### [What you will do]
Set down the data below from its first line to the line holding "Dancing Cactus 120", inclusive; omit all pictures.
Exercise data section start
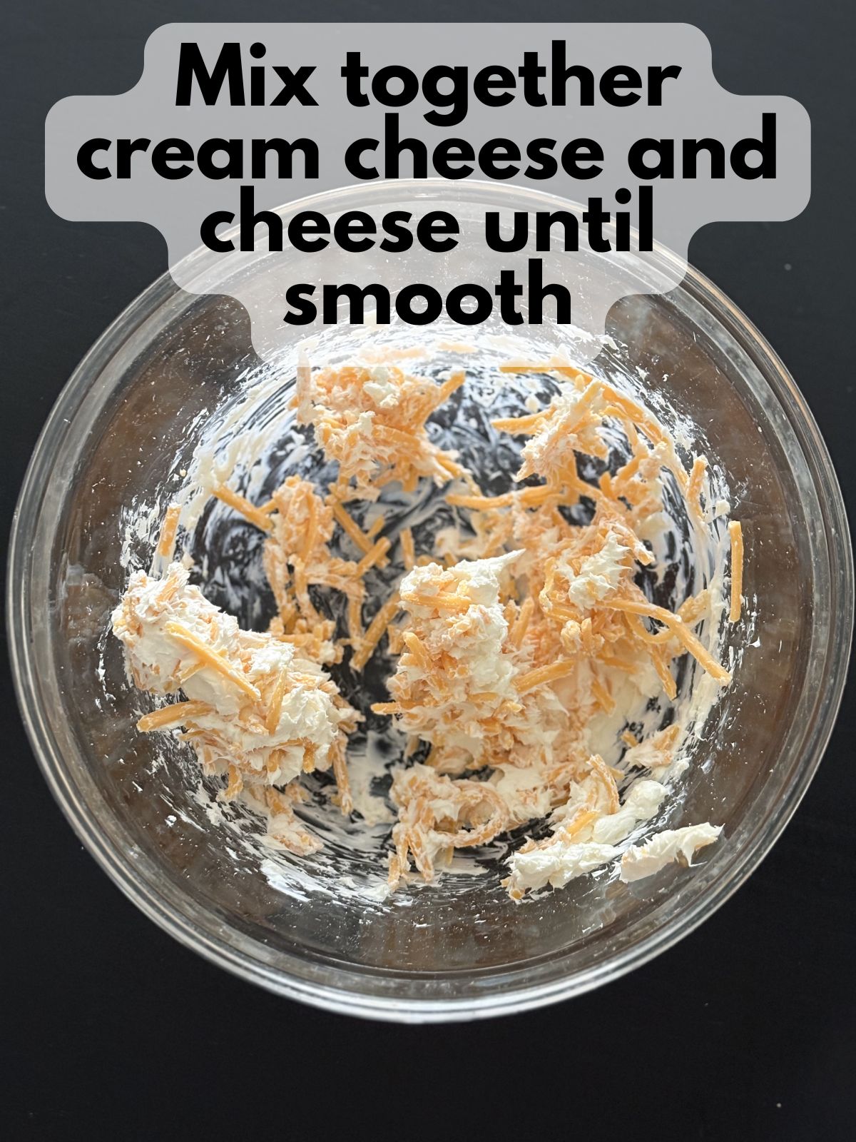 - In a medium bowl, add the softened cream cheese and shredded cheese, plus the diced green chiles if using.
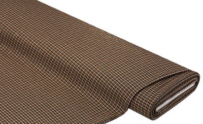 Webstoff "Karo" mit goldenem Glitzerfaden, Farbe: rost/schwarz/beige, Breite: 140 cm, Gewicht: ca. 240 g/m². Material: 67 % Polyester, 28 % Viskose, 3 % Elasthan, 2 % Metallfaser.
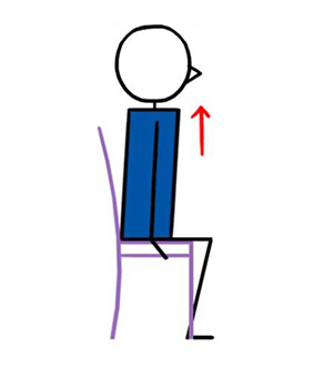 Sit on chair. Grip outside edges of chair with hands, placing them in line with shoulders. Push down with hands. Relax back. Elongate back. Pause. Lower to start. Repeat.
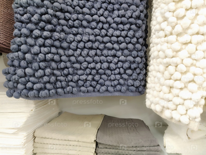 На прилавке магазина висят белые и серые коврики для ванной из микрофибры. Скандинавский стиль интерьера. Мягкие пупырчатые текстильные прямоугольные коврики с вязаными пупырышками. Отделка и современный дизайн ванной комнаты
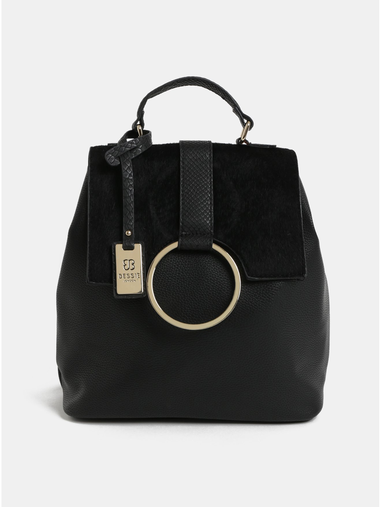 Černý batoh s umělým kožíškem a detaily ve zlaté barvě Bessie London
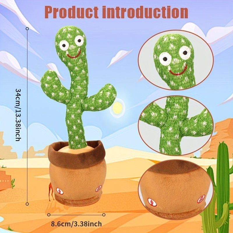 Dancing Cactus 120 English Songs Tiktok Hot Plush Toys Musical Toys Birthday Gift
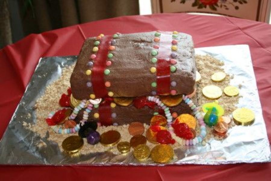 Nephew wanted a pirate themed party so SIL asked me to make him this cake. I wasn't real happy with the "lid" because it didn't stand up better...next time I'll use my own instructions. Iced in chocolate BC and idea taken from the familyfun website
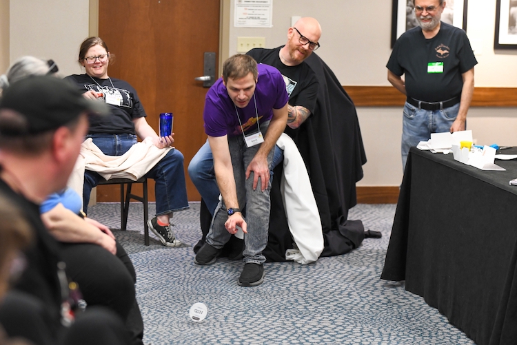 contestant Mark aiming to win while sitting on Casey's lap.
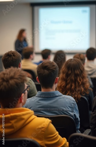 Diverse college students attentively listen to presentation. Students sit in classroom setting. Speaker stands at front. Group of people listen. Classroom atmosphere. Focus on student engagement.
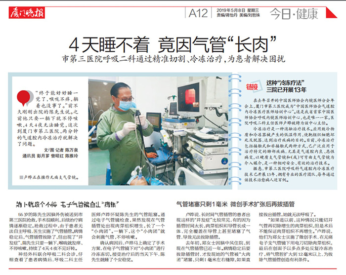 确认病因后,卢晔马上确定了手术方案,在电子气管镜下对“小肉团”进行冷冻冻切。接受治疗后的当天下午,陈先生就睡了个安稳觉。
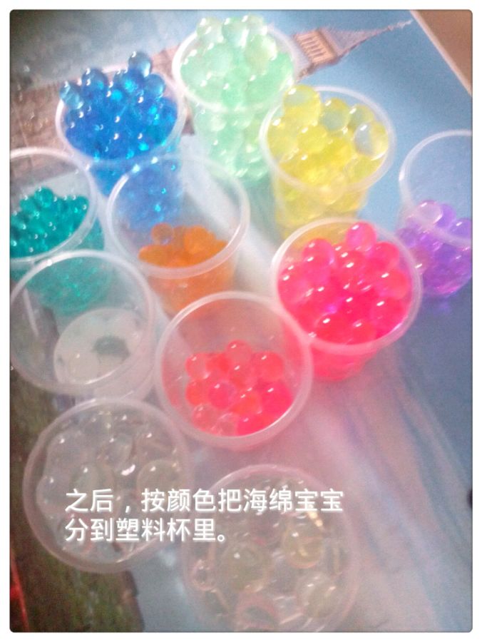 第三步。白色的和透明的可以不用,除非你嫌颜色太少,可以用透明的海绵宝宝染成其他颜色。
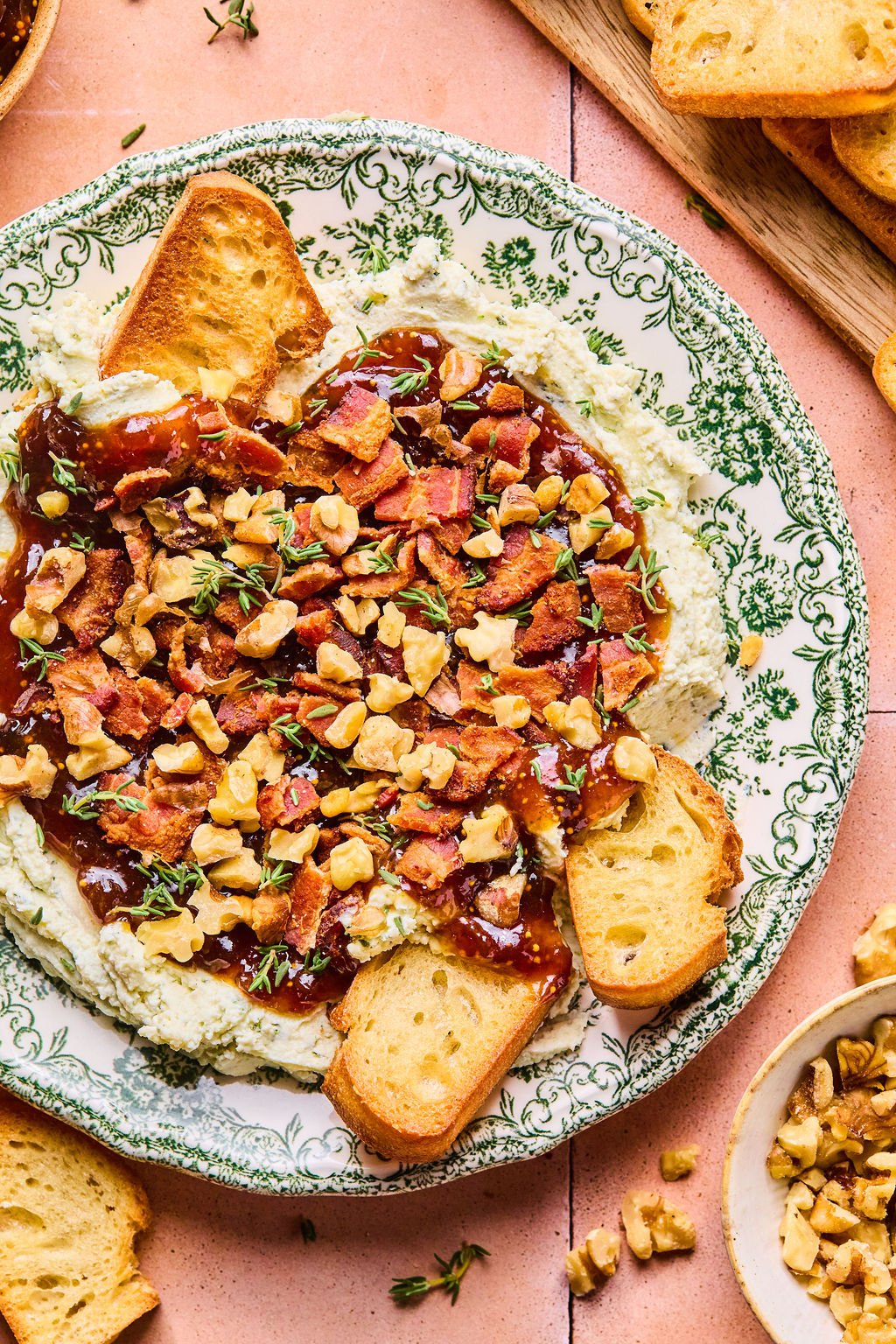 - Assemble the dip: Spread the softened Boursin mixture into a shallow serving dish. Spoon fig jam over the top. Sprinkle with chopped bacon and the toasted walnuts. Finish & serve: Garnish with fresh thyme and serve with crackers, crostini, or bagel crisp.
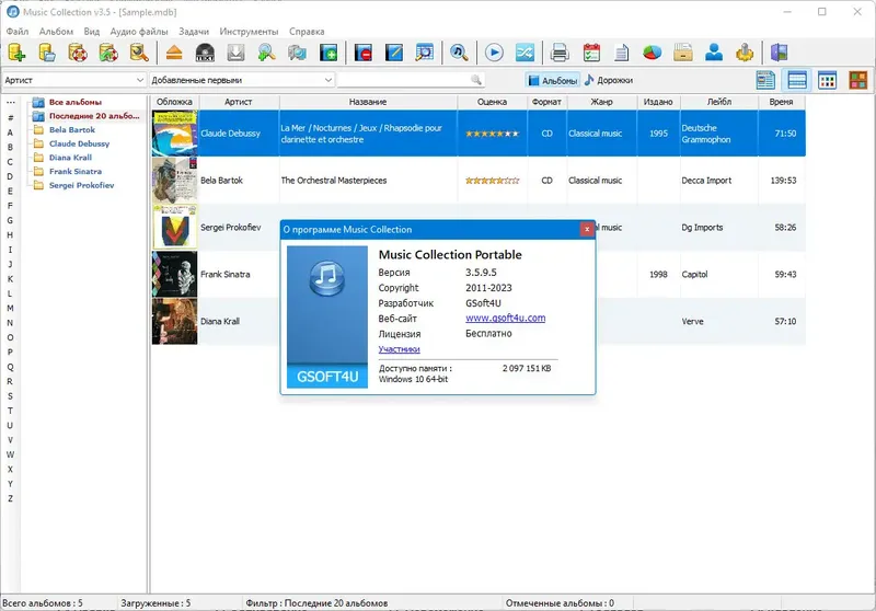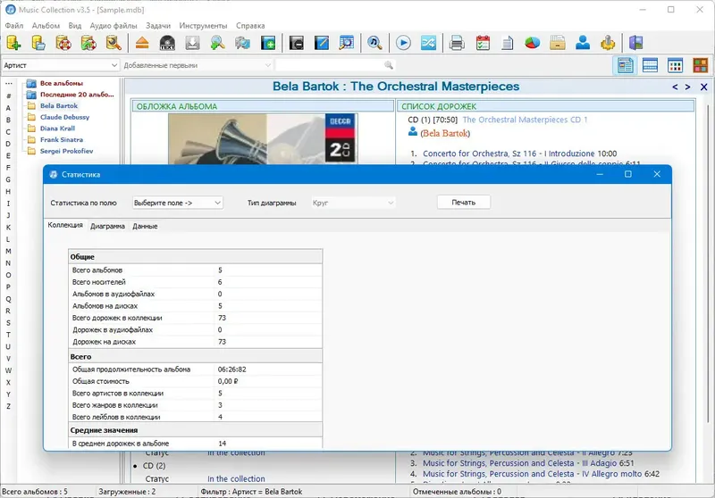 Music Collection — это универсальный проигрыватель и менеджер для создания собственной музыкальной библиотеки на компьютере. Он позволяет удобно организовать, редактировать и искать любимые композиции, делая прослушивание максимально комфортным. Благодаря интеграции с интернетом, программа автоматически загружает информацию о треках и альбомах, что значительно ускоряет работу и исключает ошибки. Это один из лучших инструментов для тех, кто ценит порядок в музыкальных коллекциях и хочет иметь полный контроль над своей музыкой.
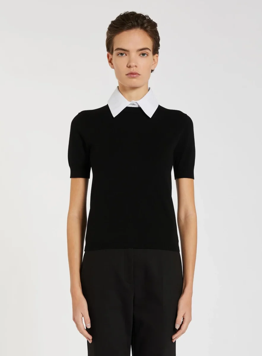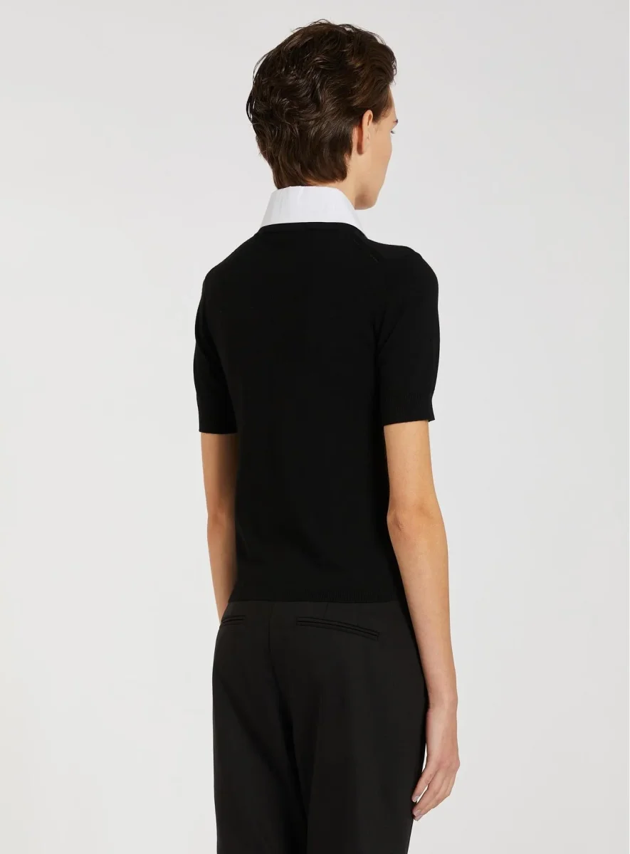 Maglia in misto viscosa, modello manica corta con collo a camicia rimovibile, maniche corte con polsino, colore nero
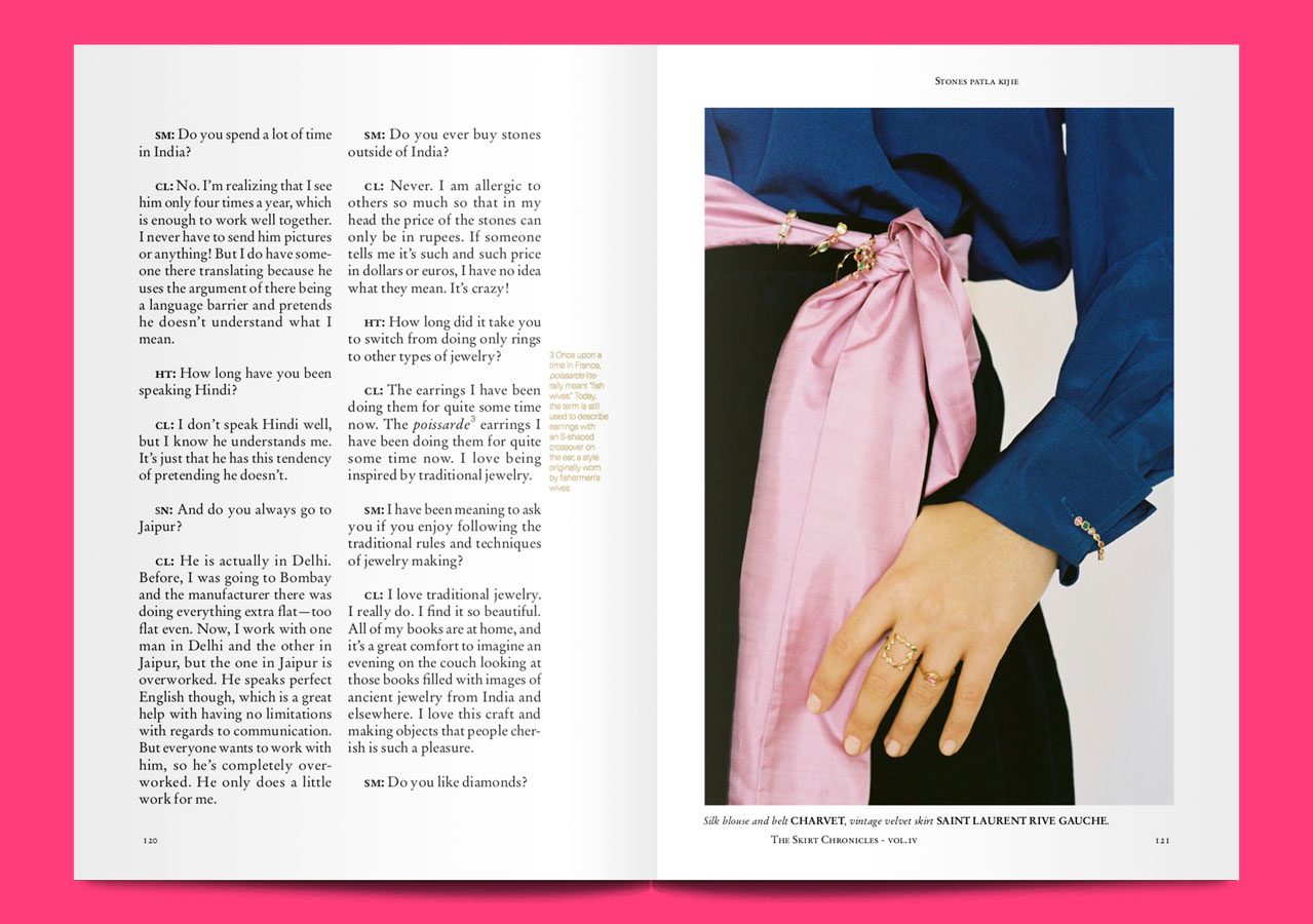 The latest issue of The Skirt Chronicles opens with a story about someone caught in a love affair with two sisters. Short and strangely painful, it’s totally unlike anything you expect to find in a fashion magazine. What follows is a murder scene from The Godfather — “Leave the gun, take the cannoli” — disguised as a piece about Sicilian sweets. There are pictures of clothes (and skirts) on these pages, and they are delicious, but difficult to differentiate from the rest of the content, which is literary, and refreshingly quiet. An interview about Chanel beauty, for example, is accompanied by still lives of dried flowers, and netting. Not a Chanel logo in sight.
Exercise data section end
### [Answer to this task]
 - In a medium bowl, add the softened cream cheese and shredded cheese, plus the diced green chiles if using.
 Webstoff "Karo" mit goldenem Glitzerfaden, Farbe: rost/schwarz/beige, Breite: 140 cm, Gewicht: ca. 240 g/m². Material: 67 % Polyester, 28 % Viskose, 3 % Elasthan, 2 % Metallfaser.
 Sit on chair. Grip outside edges of chair with hands, placing them in line with shoulders. Push down with hands. Relax back. Elongate back. Pause. Lower to start. Repeat.
 На прилавке магазина висят белые и серые коврики для ванной из микрофибры. Скандинавский стиль интерьера. Мягкие пупырчатые текстильные прямоугольные коврики с вязаными пупырышками. Отделка и современный дизайн ванной комнаты
 Černý batoh s umělým kožíškem a detaily ve zlaté barvě Bessie London
 Dancing Cactus 120 English Songs Tiktok Hot Plush Toys Musical Toys Birthday Gift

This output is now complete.